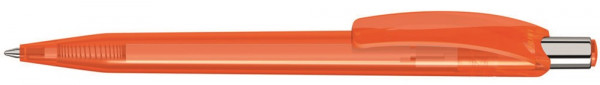 Druckkugelschreiber mit glänzend transparentem Gehäuse und Drückstopfen, Drücker in silber glänzend.
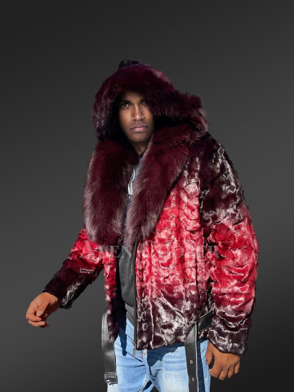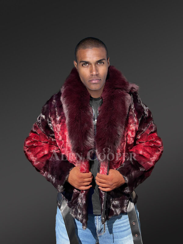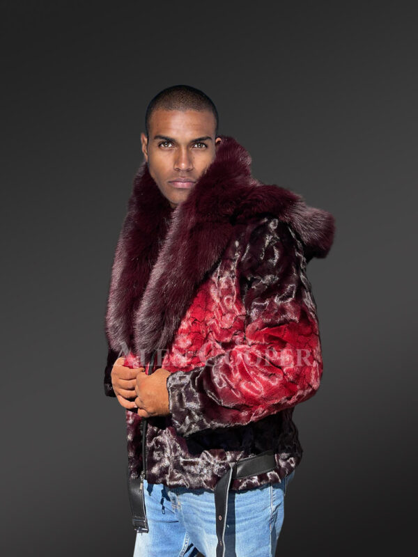 Men Mink Fur Coat with Hood in Burgundy Is an Out-Of-The-Box Outfit
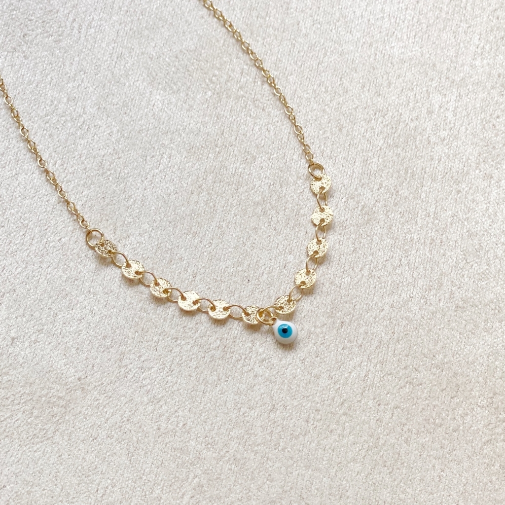 TORNOZELEIRA MEDALHINHAS OLHO GREGO BANHADA A OURO
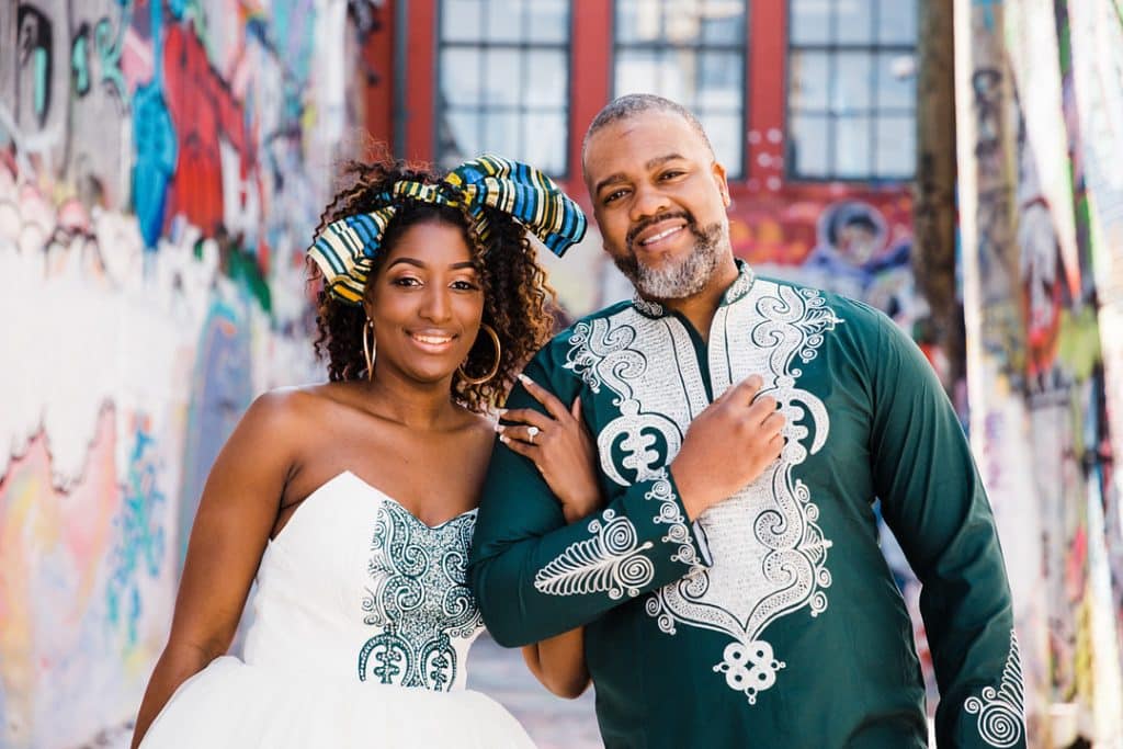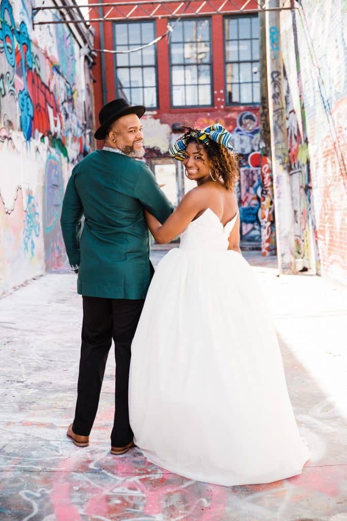 Quinn and I have been together for over 10 years. For our engagement shoot, we wanted to incorporate our creative interest and highlight a beautiful Baltimore landmark. Art has always been an important part of both of our lives. We also live in Charles Village, known as the art district of Baltimore. Graffiti Alley seemed like the perfect place to bring our personalities and vision to life.
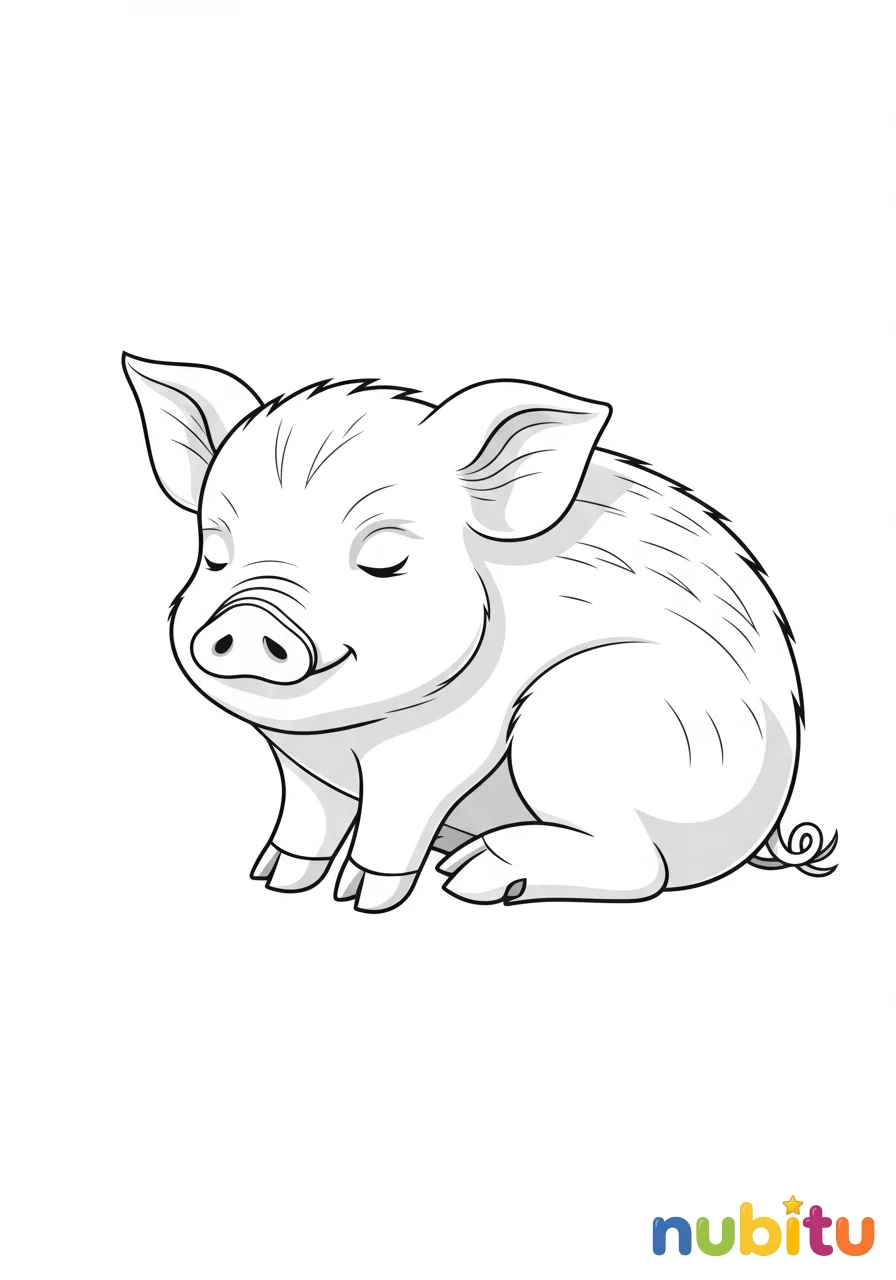 Después de un largo día de aventuras por la dehesa, este cerdito ibérico está tomando una siesta muy dulce. ¿Qué colores suaves usarás para su sueño?
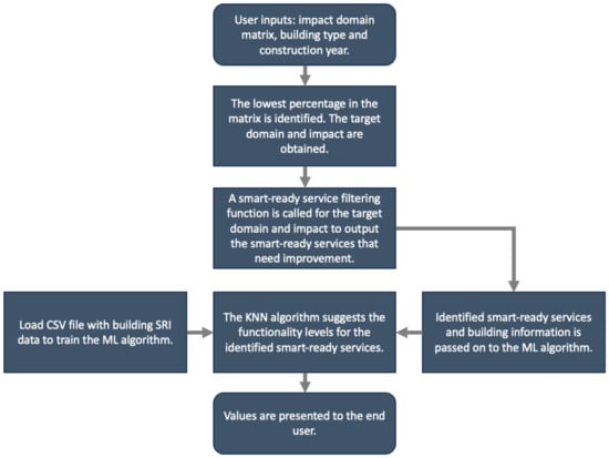 The main concept for the SRI-based algorithm for RS is depicted in Figure 3. The RS takes the impact-domain matrix from the SRI assessment along with some building information like building type and year of construction. The reason for using the impact-domain matrix from the SRI information is that it tells us about the area in the systems of the buildings that needs the most improvement. The lowest percentage in the impact-domain matrix is identified, and then the services contributing to this low percentage are listed.
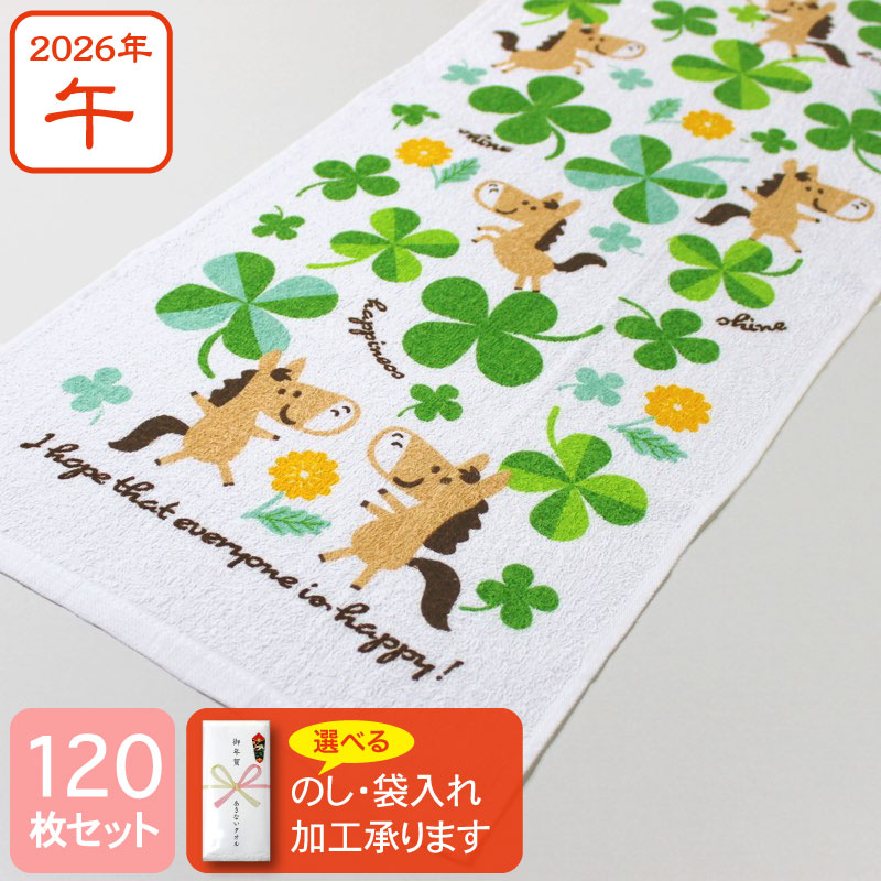 干支タオル お年賀タオル クローバー ウマ 2026年 午年 馬 粗品 ご挨拶・120枚セット
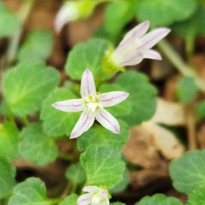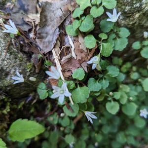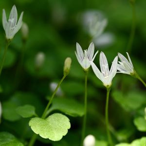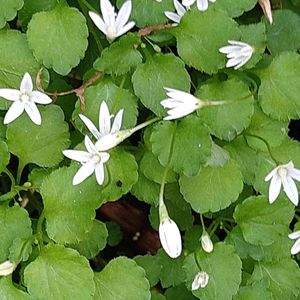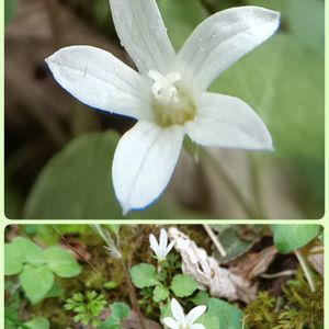 タニギキョウ(谷桔梗) *キキョウ科タニギキョウ属 花期は5〜8月 北海道〜九州の山間部の森林の木陰の水気の多い場所によく生える。渓流沿いやコケに混じるように 小さな群落を作ることが多い! とても小さな漏斗形の花を上向きに咲かせます。 花弁は白 またはやや淡い紫を帯びる! 花が終わると姿を消してしまうそうです。 10月頃に新芽が伸びてそのまま冬を越してまた4月に開花する「冬緑性」と言う性質があるのだそうです。 5月1日撮影
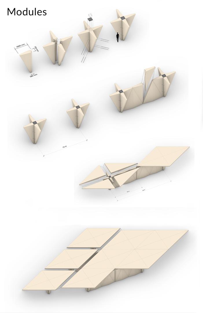 The building's modular design consists of multiple triangular elements with the intent to avoid the shipping container aesthetic that has become common with modular buildings. These triangular elements form mushroomlike modules that can be stacked on top of or beside each other. These modules allow us to construct all of the different functions needed in the cultural centre, from art galleries and large concert halls to office spaces and reading rooms in the library. The triangular form also allows the building of nature inspired sloping freeform surfaces whilst still remaining in the modular grid based system. This means that the building can blend seamlessly into nature while still being distinct and having its own identity. The whole complex of buildings is so to say sunk into nature by being completely surrounded by the tall trees of the existing park and all of the roofs of the buildings are covered in greenery to maintain the Park around and on top of the buildings. The building masses are not so much built on top of the park as they are slid underneath the corners of it. In a sense the park is draped over the structures forming a hilly landscape that is common to Southern Estonia, it also gives an extra dimension to the experience of the park. Terraces form on the slopes of the roofs of the buildings where visitors can relax and have a view over the whole landscape of the cultural centre and the main pathways meander through the wilder forest-like areas of the park, low down in the valley between the hills.
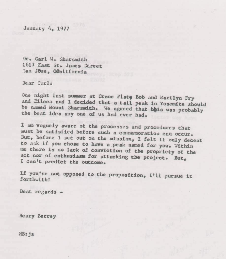 ACTION OF BOARD AT MEETING OF SEPTEMBER 9, 2006: At its annual meeting the Board of Directors of the Yosemite Association endorsed the Sharsmith Peak naming proposal, as confirmed by President Steve Medley. Mr. Medley died not long after, however, and thus a delay occurred until the following letter was prepared.
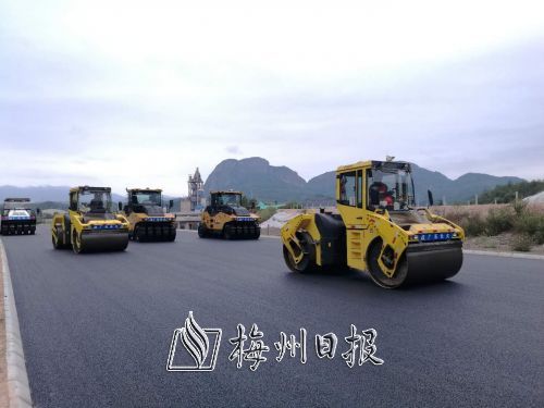 梅平高速沥青路面摊铺。(图片来源:梅州日报)
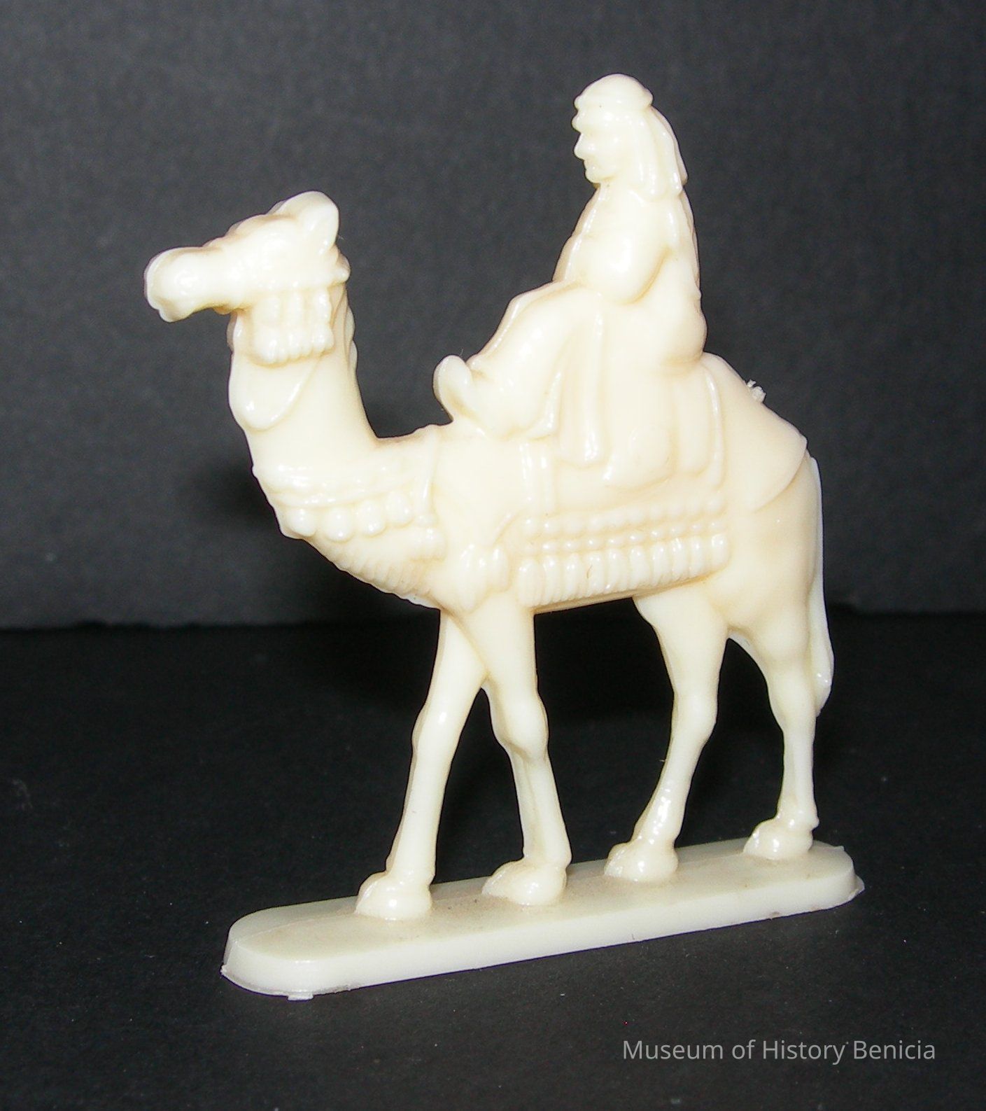 white plastic camel with a rider on a stand; similar to "Cracker Jack" or penny machine prizes, might be from a set of molded plastic animals i.e. exotic animals
========
_Exercise_
Repeat the listing above word for word. Do not include the pictures.

_Exercise answer_
 Druckkugelschreiber mit glänzend transparentem Gehäuse und Drückstopfen, Drücker in silber glänzend.
 Men Mink Fur Coat with Hood in Burgundy Is an Out-Of-The-Box Outfit
 TORNOZELEIRA MEDALHINHAS OLHO GREGO BANHADA A OURO
 Quinn and I have been together for over 10 years. For our engagement shoot, we wanted to incorporate our creative interest and highlight a beautiful Baltimore landmark. Art has always been an important part of both of our lives. We also live in Charles Village, known as the art district of Baltimore. Graffiti Alley seemed like the perfect place to bring our personalities and vision to life.
 Después de un largo día de aventuras por la dehesa, este cerdito ibérico está tomando una siesta muy dulce. ¿Qué colores suaves usarás para su sueño?
 The main concept for the SRI-based algorithm for RS is depicted in Figure 3. The RS takes the impact-domain matrix from the SRI assessment along with some building information like building type and year of construction. The reason for using the impact-domain matrix from the SRI information is that it tells us about the area in the systems of the buildings that needs the most improvement. The lowest percentage in the impact-domain matrix is identified, and then the services contributing to this low percentage are listed.
 干支タオル お年賀タオル クローバー ウマ 2026年 午年 馬 粗品 ご挨拶・120枚セット
 タニギキョウ(谷桔梗) *キキョウ科タニギキョウ属 花期は5〜8月 北海道〜九州の山間部の森林の木陰の水気の多い場所によく生える。渓流沿いやコケに混じるように 小さな群落を作ることが多い! とても小さな漏斗形の花を上向きに咲かせます。 花弁は白 またはやや淡い紫を帯びる! 花が終わると姿を消してしまうそうです。 10月頃に新芽が伸びてそのまま冬を越してまた4月に開花する「冬緑性」と言う性質があるのだそうです。 5月1日撮影
 The building's modular design consists of multiple triangular elements with the intent to avoid the shipping container aesthetic that has become common with modular buildings. These triangular elements form mushroomlike modules that can be stacked on top of or beside each other. These modules allow us to construct all of the different functions needed in the cultural centre, from art galleries and large concert halls to office spaces and reading rooms in the library. The triangular form also allows the building of nature inspired sloping freeform surfaces whilst still remaining in the modular grid based system. This means that the building can blend seamlessly into nature while still being distinct and having its own identity. The whole complex of buildings is so to say sunk into nature by being completely surrounded by the tall trees of the existing park and all of the roofs of the buildings are covered in greenery to maintain the Park around and on top of the buildings. The building masses are not so much built on top of the park as they are slid underneath the corners of it. In a sense the park is draped over the structures forming a hilly landscape that is common to Southern Estonia, it also gives an extra dimension to the experience of the park. Terraces form on the slopes of the roofs of the buildings where visitors can relax and have a view over the whole landscape of the cultural centre and the main pathways meander through the wilder forest-like areas of the park, low down in the valley between the hills.
 ACTION OF BOARD AT MEETING OF SEPTEMBER 9, 2006: At its annual meeting the Board of Directors of the Yosemite Association endorsed the Sharsmith Peak naming proposal, as confirmed by President Steve Medley. Mr. Medley died not long after, however, and thus a delay occurred until the following letter was prepared.
 梅平高速沥青路面摊铺。(图片来源:梅州日报)
 white plastic camel with a rider on a stand; similar to "Cracker Jack" or penny machine prizes, might be from a set of molded plastic animals i.e. exotic animals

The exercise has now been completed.